Ministry of Housing, Communities and Local Government is advancing two AI-backed planning tools as part of efforts to reduce delay and improve data quality across England’s planning system.
Extract is now available to every local planning authority in England. The tool converts maps, PDFs, and historic planning records into standardised planning data, allowing officers to extract key information, trace boundaries, match areas to coordinates, review outputs, and export data.
The government says Extract can reduce the time spent manually checking older documents and help councils move from paper-heavy archives towards structured digital planning data. The tool currently supports records including Article 4 directions, conservation areas, and tree preservation orders.
A separate AI prototype is being tested with Barnet, Camden, and Dorset councils. That tool is designed to support householder planning applications by triaging submissions, summarising key information, and providing an initial assessment for planning officers to review.
The prototype has been developed with Google DeepMind, Google Cloud, Faculty, and local planning authorities. Qualified planning officers will continue to review and approve assessments before decisions are issued, with a wider rollout possible from 2027 if the pilot proves successful.
Planning delays remain one of the most persistent constraints on housing and construction delivery. Application backlogs, officer shortages, inconsistent local records, document-heavy processes, and consultation pressure have all added friction to the development pipeline.
Digital planning reform has been discussed for years, but adoption remains uneven across local authorities. Many councils still rely on scanned plans, fragmented databases, inconsistent archives, and manual interpretation of policies and constraints. That makes it harder for applicants, consultants, developers, and officers to work from a shared evidence base.
The practical value of Extract lies in the creation of usable planning data. If older records can be turned into structured information, councils can reduce repetitive document handling and build a stronger foundation for later digital tools. Poor data is one reason many planning technology projects fail to change front-line decision-making.
Planning technology is also becoming more closely connected to building control and safety evidence. Higher-risk schemes such as Domis’s Manchester tower development are already moving through approval routes where planning, Gateway 2 requirements, design evidence, and building safety documentation intersect.
The householder prototype has a narrower immediate scope, but routine applications consume officer time that could otherwise be spent on larger residential, commercial, infrastructure, and regeneration schemes. If simpler cases can be processed more efficiently without weakening professional judgement, councils may gain some capacity for more complex applications.
Professional oversight will remain essential. Planning decisions require local context, policy interpretation, neighbour impact assessment, environmental consideration, design judgement, and legal defensibility. AI-generated summaries and assessments must therefore remain transparent, auditable, and clearly subordinate to professional decision-making.
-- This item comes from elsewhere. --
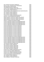 Fraxinus pennsylvanica 'Summit' (Rotesche) 2022 Gleditsia triacanthos 'Skyline' (Säulengleditschie) 2022 Robinia pseudoacacia 'Monophylla' (Straßenakazie) 2022 Paulownia tomentosa (Blauglockenbaum) 2022 Ulmus 'New Horizon' (Resista Ulme) 2022 Prunus serrulata 'Kanzan' (Japanische Blütenkirsche) 2022 Acer platanoides 'Columnare' (Säulenahorn) 2022 Prunus serrulata 'Kanzan' (Japanische Blütenkirsche) 2022 Acer campestre 'Korinthosz' (Feldahorn) 2022 Carpinus betulus 'Frans Fontaine' (Schlanke Säulenhainbuche) 2022 Acer campestre (Feldahorn) 2022 Ulmus 'New Horizon' (Resista Ulme) 2022 Acer campestre 'Elsrijk' (Feldahorn) 2022 Prunus subhirtella 'Accolade' (Jap. Blütenkirsche rosa) 2022 Fraxinus ornus (Blumenesche) 2022 Fraxinus pennsylvanica 'Cimmaron' (Rotesche) 2022 Quercus robur (Stieleiche) 2022 Prunus cerasifera 'Nigra' (Blutpflaume) 2022 Tilia cordata 'Greenspire' (Stadtlinde) 2022 Tilia tomentosa 'Brabant' (Silberlinde) 2022 Alnus glutinosa (Schwarzerle) 2022 Carpinus betulus 'Frans Fontaine' (Schlanke Säulenhainbuche) 2022 Acer campestre 'Elsrijk' (Feldahorn) 2022 Acer campestre 'Elsrijk' (Feldahorn) 2022 Ulmus 'New Horizon' (Resista Ulme) 2022 Acer opalus (Italienischer Ahorn) 2022 Ulmus 'New Horizon' (Resista Ulme) 2022 Betula pendula (Weißbirke) 2022 Acer opalus (Italienischer Ahorn) 2022 Sorbus aucuparia (Eberesche) 2022 Sorbus aucuparia (Eberesche) 2022 Koelreuteria paniculata 'Fastigiata' (Säulenblasenbaum) 2022 Acer campestre 'Elsrijk' (Feldahorn) 2022 Ulmus 'Columella' (Holländische Ulme) 2022 Malus hybride 'John Downie' (Zierapfel) 2022 Gleditsia triacanthos 'Skyline' (Säulengleditschie) 2022 Betula pendula (Weißbirke) 2022 Acer campestre 'Korinthosz' (Feldahorn) 2022 Acer campestre 'Korinthosz' (Feldahorn) 2022 Acer platanoides 'Columnare' (Säulenahorn) 2022 Crataegus laevigata 'Pauls Scarlet' (Rotdorn) 2022 Salix alba (Silberweide) 2022 Gleditsia triacanthos 'Skyline' (Säulengleditschie) 2022 Betula pendula (Weißbirke) 2022 Salix alba 'Tristis' (Trauerweide) 2022 Fraxinus angustifolia 'Raywood' (Schmalblättrige Esche) 2022 Salix alba 'Tristis' (Trauerweide) 2022 Salix alba (Silberweide) 2022 Koelreuteria paniculata 'Fastigiata' (Säulenblasenbaum) 2022 Alnus glutinosa (Schwarzerle) 2022 Acer campestre 'Korinthosz' (Feldahorn) 2022

There is also a risk of a technology gap between authorities. Councils with strong digital teams may integrate the tools quickly, improve workflows, and manage data quality effectively. Authorities under heavier resource pressure may need support to introduce new systems without adding another administrative layer.
Developers and contractors will be watching for practical gains rather than software claims. Faster processing is useful only if decisions remain consistent, transparent, and robust. A system that improves historic records, reduces avoidable information requests, and frees officer time could remove some early-stage uncertainty from the construction pipeline.
The next year will show whether the tools can move from pilot and rollout language into routine local authority use. Their value will be measured through clearer records, shorter delays, fewer avoidable resubmissions, and planning decisions that can stand up to scrutiny.